PROVIDED DATA below:

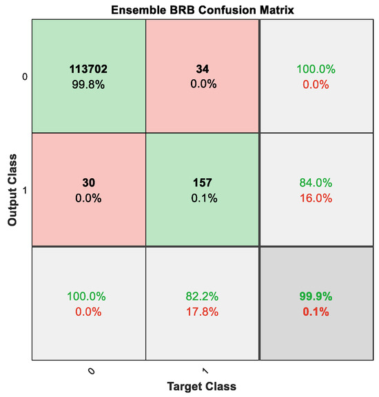 With these improvements, the ensemble BRB model can better handle fraud detection problems. The experimental results demonstrate that the ensemble BRB achieves optimal performance across multiple evaluation metrics in Dataset #1. In Dataset #2, the ensemble BRB achieved a performance comparable to the best-performing model. Also, by using BRB as the base classifier, the ensemble model gains enhanced interpretability. The model proposed in this paper focuses on addressing the imbalanced classification and interpretability issues in credit card fraud detection tasks. By combining the ensemble learning framework with the BRB model, we enhanced the model’s interpretability, making the decision-making process more transparent. For instance, when a transaction is predicted as fraudulent, the prediction process can be traced through the BRB’s principle formulas, a feature that helps financial institutions and customers understand the basis for decisions, thereby increasing trust in the system. Additionally, data imbalance often leads to high false positive rates in fraud detection systems, which the ensemble learning framework effectively mitigates. This not only reduces the inconvenience caused to customers and merchants by false alarms but also strengthens financial institutions’ confidence in the detection results.
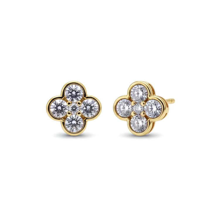 Lady's yellow 14 karat flower stud earrings with 10 approximately 1.15tw round E/F VS1/VS2 diamonds.
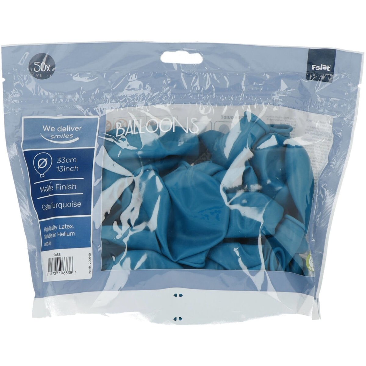 Ballonnen Calm Turquoise Mat 33cm - 50 stuks. Inhoud: 50 latex ballonnen. Kleur: Turquoise. Bijvoorbeeld te gebruiken tijdens de volgende feestgelegenheid/feestgelegenheden: Verjaardag, Kinderfeestje en Themafeest. Elke ballon is 13 inch/33 cm. Het artikel is gemaakt van latex.
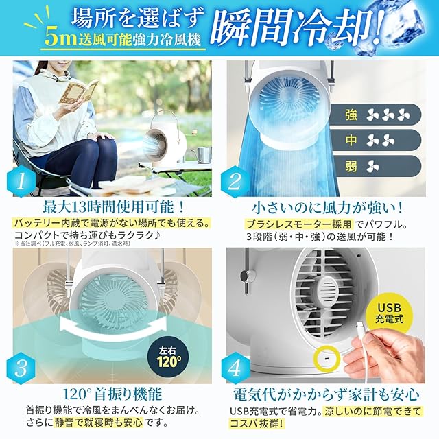 冷風機 強力冷風扇 【2025年製品・4000mAhバッテリー・USB給電式・アロマテラピー可】
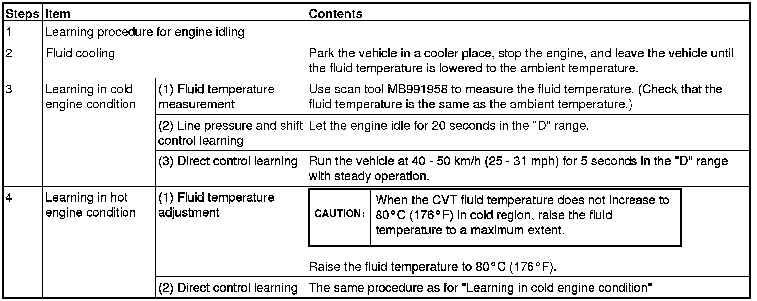 After initialization, the TCM does not have any learned value. This may degrade the shifting operation quality. The learning procedure is described below.
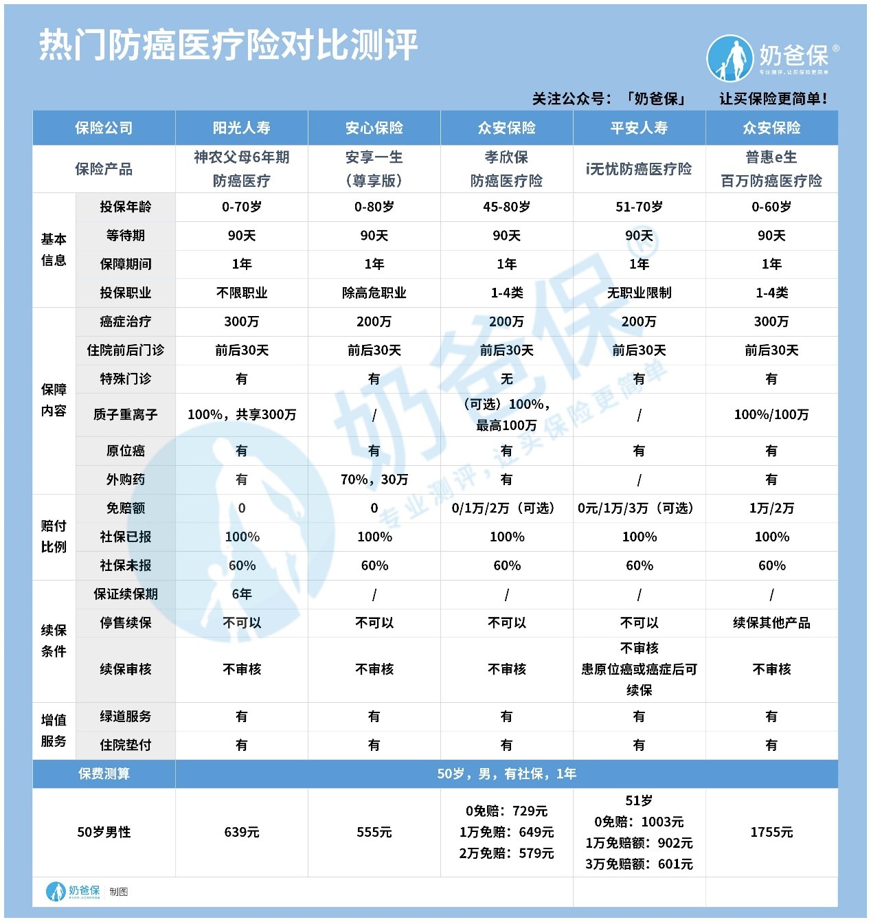 可能有些人还不知道市面上有哪些防癌医疗险比较热门,奶爸整理了几款比较热门的产品供大家挑选:
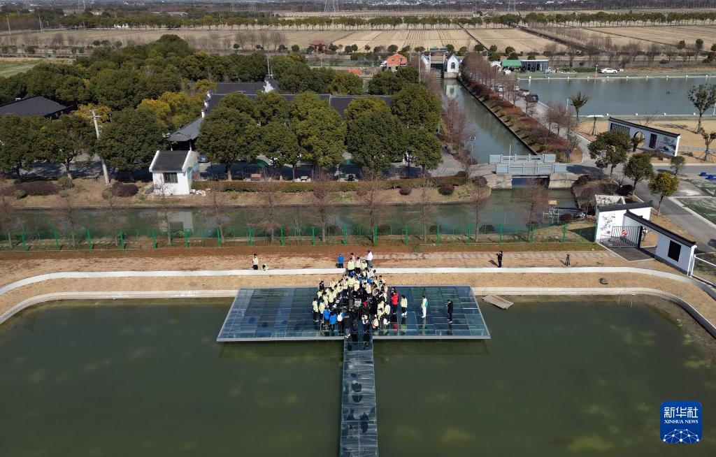 2月18日,上海海洋大学农业专项班的学生在上海昆秀水产专业合作社实地学习(无人机照片)。

End of PROVIDED DATA.

WORK REQUIRED – A verbatim copy of the entries, without the pictures, is what this task requires.

RESULT BELOW –
 With these improvements, the ensemble BRB model can better handle fraud detection problems. The experimental results demonstrate that the ensemble BRB achieves optimal performance across multiple evaluation metrics in Dataset #1. In Dataset #2, the ensemble BRB achieved a performance comparable to the best-performing model. Also, by using BRB as the base classifier, the ensemble model gains enhanced interpretability. The model proposed in this paper focuses on addressing the imbalanced classification and interpretability issues in credit card fraud detection tasks. By combining the ensemble learning framework with the BRB model, we enhanced the model’s interpretability, making the decision-making process more transparent. For instance, when a transaction is predicted as fraudulent, the prediction process can be traced through the BRB’s principle formulas, a feature that helps financial institutions and customers understand the basis for decisions, thereby increasing trust in the system. Additionally, data imbalance often leads to high false positive rates in fraud detection systems, which the ensemble learning framework effectively mitigates. This not only reduces the inconvenience caused to customers and merchants by false alarms but also strengthens financial institutions’ confidence in the detection results.
 Lady's yellow 14 karat flower stud earrings with 10 approximately 1.15tw round E/F VS1/VS2 diamonds.
 Ballonnen Calm Turquoise Mat 33cm - 50 stuks. Inhoud: 50 latex ballonnen. Kleur: Turquoise. Bijvoorbeeld te gebruiken tijdens de volgende feestgelegenheid/feestgelegenheden: Verjaardag, Kinderfeestje en Themafeest. Elke ballon is 13 inch/33 cm. Het artikel is gemaakt van latex.
 冷風機 強力冷風扇 【2025年製品・4000mAhバッテリー・USB給電式・アロマテラピー可】
 After initialization, the TCM does not have any learned value. This may degrade the shifting operation quality. The learning procedure is described below.
 可能有些人还不知道市面上有哪些防癌医疗险比较热门,奶爸整理了几款比较热门的产品供大家挑选:
 2月18日,上海海洋大学农业专项班的学生在上海昆秀水产专业合作社实地学习(无人机照片)。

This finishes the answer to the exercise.